O prazo de carência é o prazo que o Incorporador tem para desistir da Incorporação de um Edifício. Saiba mais.



A Lei n°4.591/64 instituiu em seu Artigo 34 um instrumento que garante ao Incorporador desistir do empreendimento e deu o nome de prazo de carência. Diz a Lei: “Art. 34 – O incorporador poderá fixar, para efetivação da incorporação, prazo de carência, dentro do qual lhe é lícito desistir do empreendimento.”


Portanto, se o Incorporador assim desejar ele pode estipular um prazo para que, se ele verificar que o negócio não será viável ele tenha possibilidade de desistência e de devolver o que foi pago pelos adquirentes das unidades.


Mas, qual o prazo máximo que o Incorporador pode estabelecer como carência? A legislação fala que esse prazo não pode ultrapassar o termo final do prazo de validade do registro ou, se for o caso, da sua revalidação. O registro da Incorporação Imobiliária no Cartório tem validade de 180 dias o que faz deste prazo, portanto, o máximo possível para estipular na carência.


Por outro lado, é comum verificar que os Incorporadores estipulam prazos muito menores ou, algumas vezes, até renunciam ao seu direito de estabelecer um prazo de carência. Isso ocorre por uma questão meramente comercial.

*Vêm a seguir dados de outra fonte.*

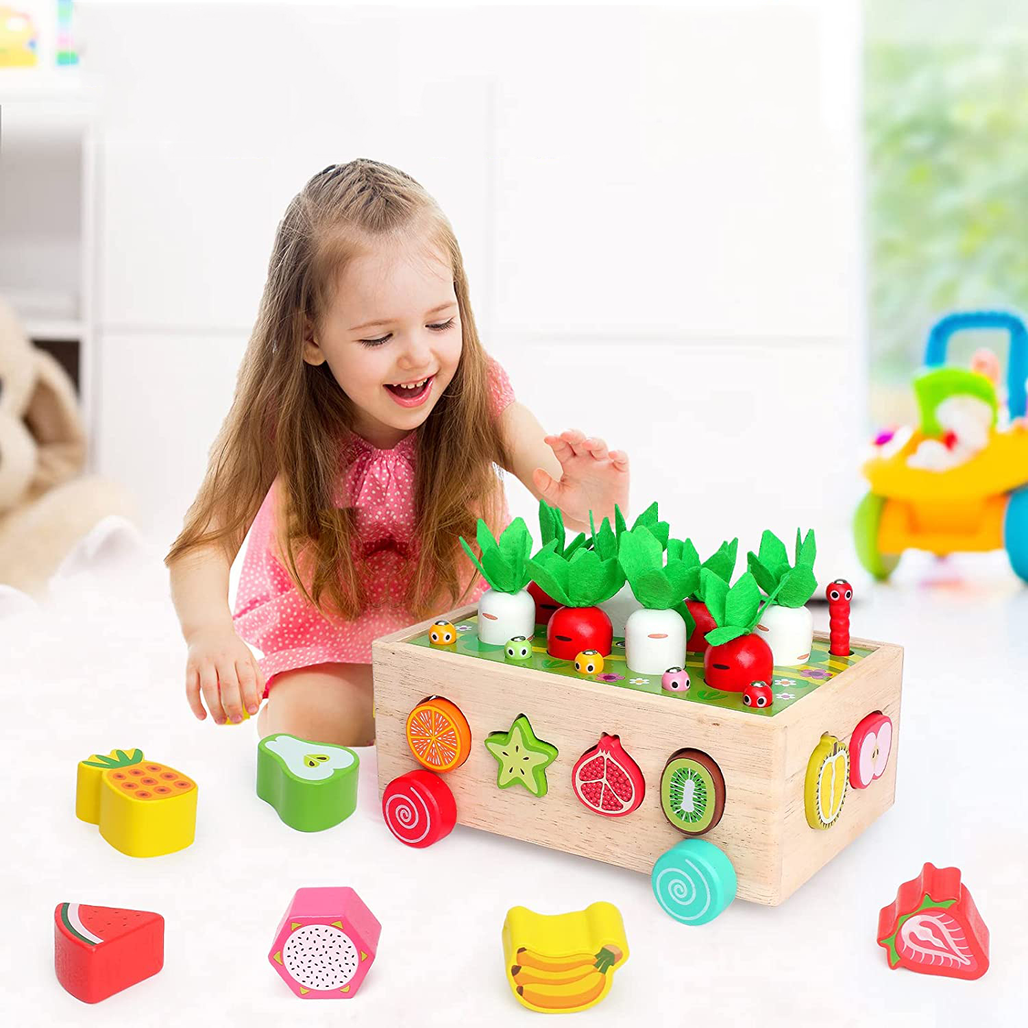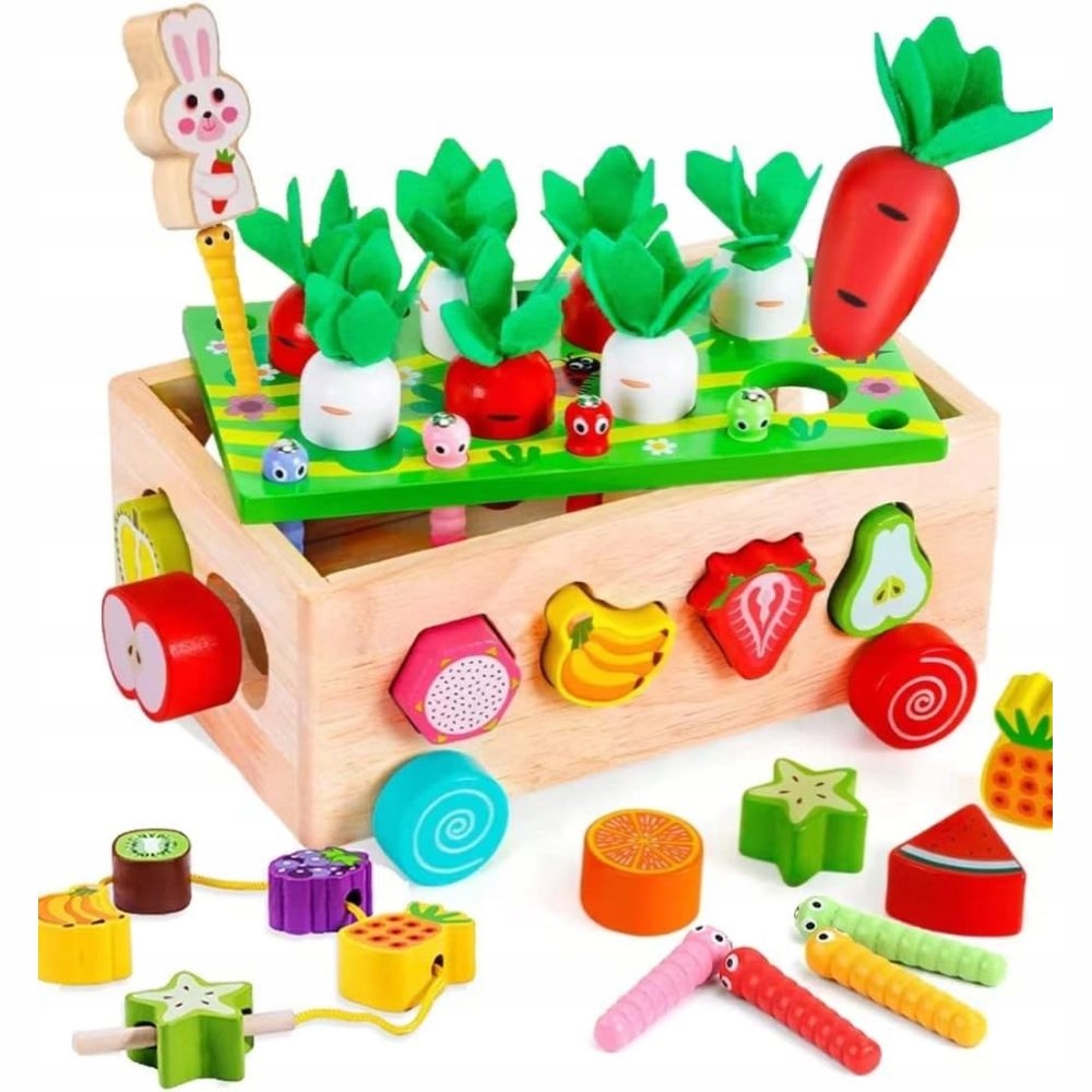 🥕 -Дизайн 7 в 1, освітній і багатофункціональний, може малювати редис, розпізнавати фрукти, коригувати форму, вантажівку, розпізнавати кольори, кроликів, які ловлять черв’яків, зберігати та сортувати, щоб подарувати дітям масу задоволення.

Vejamos o porquê.


Como o prazo de carência deve ser informado pelo Incorporador no momento do registro da Incorporação no Cartório de Registro de Imóveis, a essa altura ele já fez os estudos necessários para saber se o empreendimento é viável ou não. Portanto, o Incorporador informa um prazo pequeno, em torno de 30 a 60 dias, ou até renuncia ao prazo de carência, pois já sabe que o empreendimento é viável e não será necessário usar essa ferramenta prevista em Lei.


Assim, após o registro da Incorporação, ao anunciar o empreendimento, o Incorporador lança mão dessa informação, que tem um prazo de carência pequeno ou inexistente, para fomentar as vendas, indicando aos possíveis compradores que o negócio é garantido.


Por fim, vale lembrar que, em caso de desistência da Incorporação, o Incorporador precisa fazê-lo por escrito e registrar em Cartório, além de comunicar aos adquirentes, se houver. Tudo isso, dentro do prazo de carência por ele estabelecido e que é improrrogável. A Lei ainda determina prazo para restituição dos valores aos compradores, bem como juros e multa em caso de não cumprimento desse prazo.